The drink is pre-batched and kept at 167 degrees in a sous vide water bath. “That is the temperature that a good hot drink should be served at,” Muldoon says. “You can drink it and it doesn’t burn your lips, but it’s nice and hot.” Now you know. Here, more warming cocktails from across the country.
Wo Hing General Store; San Francisco
Wo Hing uses hot beer for its Rum N’ Oats cocktail. When heated, the oatmeal stout becomes a malty base for a complex, bitter drink combining aged Pampero rum, Carpano Antica, cinnamon syrup and chocolate mole bitters. It’s served in a mug and topped with fresh whipped cream and cinnamon.
Dutch Kills; Long Island City, New York
Sasha Petraske’s outer borough cocktail den serves the Bear Trap cocktail, which recalls, but probably tastes a lot better than Harry Potter’s butter beer. Bartenders mix a house compound butter spiced with cinnamon, nutmeg, almond meal, orange zest and cloves in a mug with bourbon, honey and fresh apple cider, then steam it and garnish the rich drink with fresh apple.
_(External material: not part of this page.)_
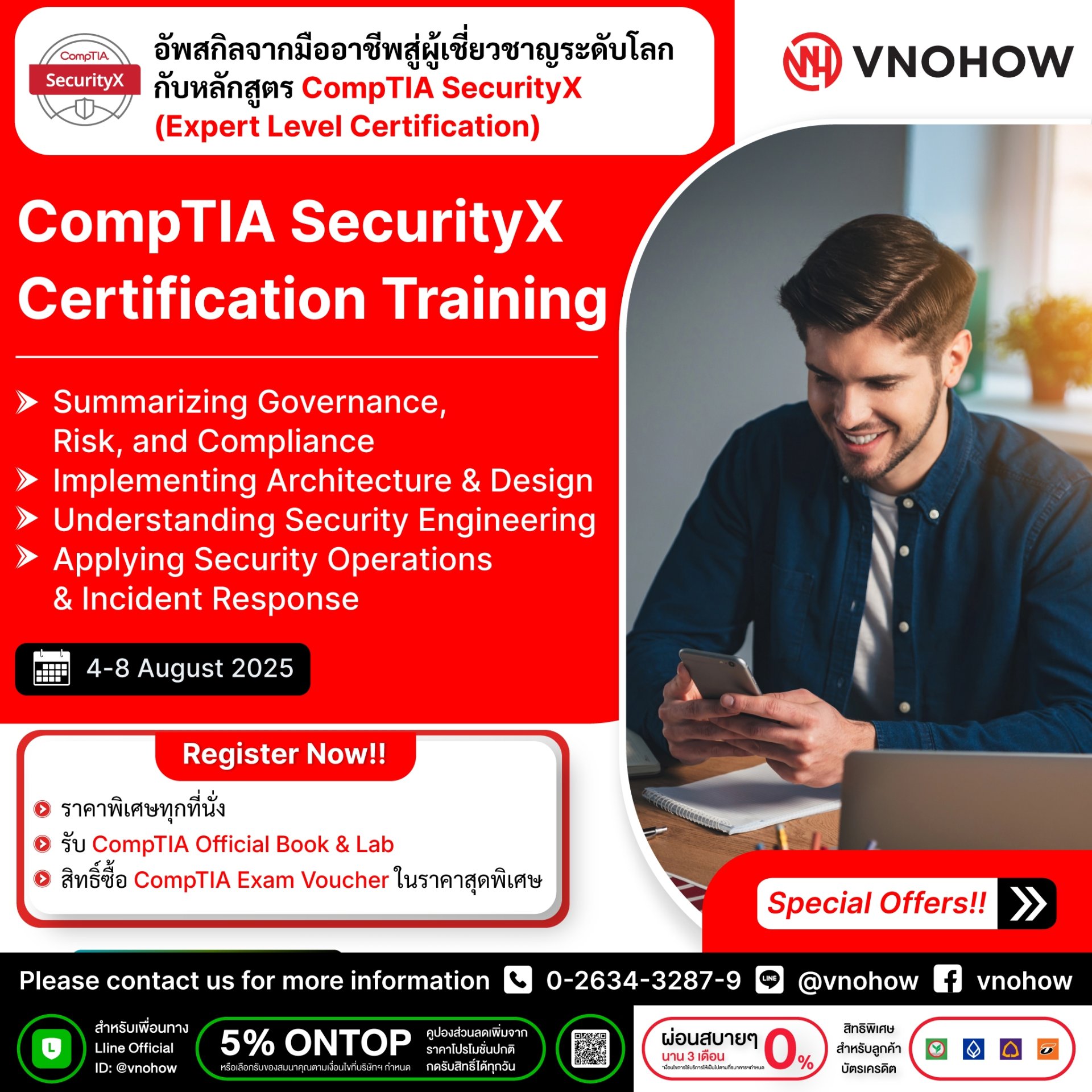 ปลดล็อกทักษะด้านความปลอดภัยทางไซเบอร์ระดับผู้เชี่ยวชาญด้วยหลักสูตร CompTIA SecurityX ในราคาสุดคุ้ม! พร้อมรับสิทธิ์ซื้อสอบในราคาพิเศษทุกที่นั่ง!
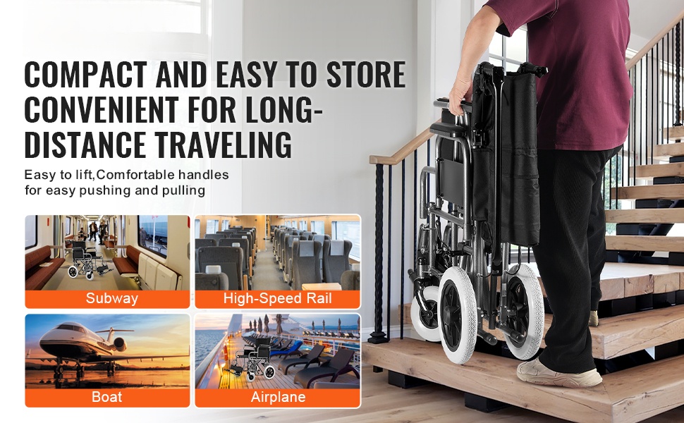 Tämä hiiliteräksinen aikuisten pyörätuoli taittuu nopeasti pieneen tilaan, mikä helpottaa kuljettamista ja säilytystä. Mukava istuin mahdollistaa pidempään istumisen ilman liiallista väsymystä, ja rakenne soveltuu monenlaisiin liikkumistilanteisiin arjessa ja matkoilla.

A celebrated beer bar, Libertine also serves a small menu of cocktails that toe the line between familiar and adventurous. For a lighter take on one of his favorite winter drinks—Irish coffee with port—beverage director Máté Hartai created the Dublin Via Chamberly. He mixes Irish whiskey with hot coffee, brown sugar and cinnamon-infused Dolin Rouge vermouth, which adds a port-like depth without making the drink too heavy.
This modern Asian lounge’s Falling Tears cocktail—a sweet-and-savory take on a hot toddy—arrives in a dainty, painted porcelain mug. But the comforting drink, concocted with earthy Job’s Tears tea (made from a grain-bearing plant called Job’s Tears) and pear honey, is stronger than it appears, dosed with coconutty Plantation rum and Atlantico rum, a high-proof spirit with dark molasses flavors.